Своим посвящением Троцкий как бы сразу заявлял читателям, что его другом может быть только борец, который является ещё и человеком.

После этих слов наркомвоенмор сразу же переводил взгляд на поэзию, ища в ней «борца» и «человека», которого можно было бы зачислить в свои «друзья». Но, увы:

«Годы революции стали годами почти полного поэтического безмолвия. ‹…› Мы получили, правда, «Двенадцать» Блока и несколько произведений Маяковского. Это кое-что, намёк, скромный задаток, но не уплата по счетам истории, даже не начало уплаты».

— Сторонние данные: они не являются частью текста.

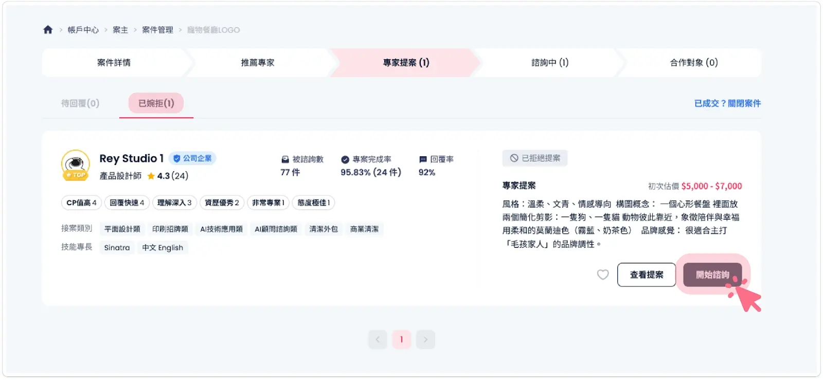 A: 先別急著婉拒!建議您可以點選 「開始諮詢」,誠意地告知專家您的預算考量。很多時候,專家願意為了好案子調整服務內容(例如:減少修改次數、調整交期)來符合您的預算。直接婉拒可能就錯失了一個好合作囉!

Как видим, «Мистерию-буфф», которой Маяковский так гордился, Троцкий даже не упомянул. А ведь поэт, выступая 30 января 1921 года на диспуте «Надо ли ставить «Мистерию-буфф?»», напомнил:

«…вывел её на свет божий Анатолий Васильевич Луначарский в своей книжке «Речь об искусстве», где он писал: «Впервые в истории мировой революции дана пьеса, идентичная всему ходу мировой революции»».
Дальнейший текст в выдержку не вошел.